Sidewalk, which started as a four-week trial with Riwaq, has now become a regular event, running since fall 2017 to packed houses.

Comedian Wissam Kamal, Photo by: Comedy Central Arabia

The poet
Spoken-word poetry is one of today’s young generation’s leading art forms. It’s a style of poetry that celebrates freedom. At Sidewalk, there are no restrictions to what performers can say or how they say it.

“We can step more into our individualism because we respect our differences.”

Luxx, a Sidewalk regular, identifies herself as a poet, philosopher and activist. She has toured the world for more than seven years as a performance artist.

She likes Sidwalk because it “fosters a safe space to explore parts of the human experience that otherwise feel taboo.

“Through Sidewalk, we see that we are not on islands of feelings; feelings are the oceans that we share between us,” she said. “We can step more into our individualism because we respect our differences.”

The comedian
Wissam Kamal, the first Lebanese comedian to perform on Comedy Central Arabia, called Sidewalk “a miracle.” Stand-up comedians in Lebanon find it difficult to get constructive criticism or test out their material; they also struggle to find exposure, explained Kamal.

“The lack of mics forces us to produce full hour shows with untested material, and there’s lack of experience” he noted.

“Comedy is a unique medium, it doesn’t always come out the way the performer wants and having that happen on a main show can be debilitating,” he added.

“Sidewalk provides the platform and the audience for you to test, correct, edit, add and remove material,” said Kamal. You can express freely for 10 minutes. This platform is allowing me to fail, so I can succeed in the future; that’s the most important thing.”

Sidewalk supports Wissam in all his future endeavors, such as Lebanon’s first full sign language stand-up comedy set.

“Sidewalk supports Wissam in all his future endeavors, such as Lebanon’s first full sign language stand-up comedy set.”

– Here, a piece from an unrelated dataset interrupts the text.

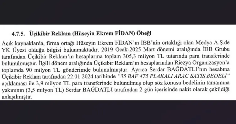 İstanbul Cumhuriyet Başsavcılığı’nın talimatıyla hazırlanan BDDK raporunda, soruşturmada adı geçen şüphelilerin banka hesap hareketleri mercek altına alındı. Rapora göre, Hüseyin Ekrem Fidan’ın sahibi olduğu Üçikibir Reklam Şirketi’ne 2019-2025 yılları arasında İBB Grubu tarafından toplam 305,3 milyon TL para transferi gerçekleştirildi.

Maysan Nasser – Sidewalk Beirut Founder, Photo by: Bob Mattar

The musician
Sidewalk has begun organizing separate music events, yet its main weekly open mic has also included many musicians. In fact, many of the event’s main features have been musicians like Tarabeet and singer-songwriter Peter Chouchani, and bands such as Taxi 404.

Taxi 404 call themselves the “young members who want to express themselves, and pour their frustration and anger at the deranged world out onto the stage.”

As Hana Yazbeck of Taxi 404 said, “We think Sidewalk, as part of a cultural hub growing in Lebanon, is doing an important job in creating a platform for artists to express themselves and expose their creative work.”

The goal
Sidewalk is part of “a worldwide movement of artistic organizations bringing people together in a fear-dominated world,” said Nasser. Their efforts to create more space for self-expression are also promoting empathy and compassion.”

“Sidewalk endeavors to take care of its people. No matter what happens, Sidewalk is here,” said Beirut-based writer, professor and actor Dima Matta, dubbed “the storyteller of Beirut.” “Come rain or come shine, every week.”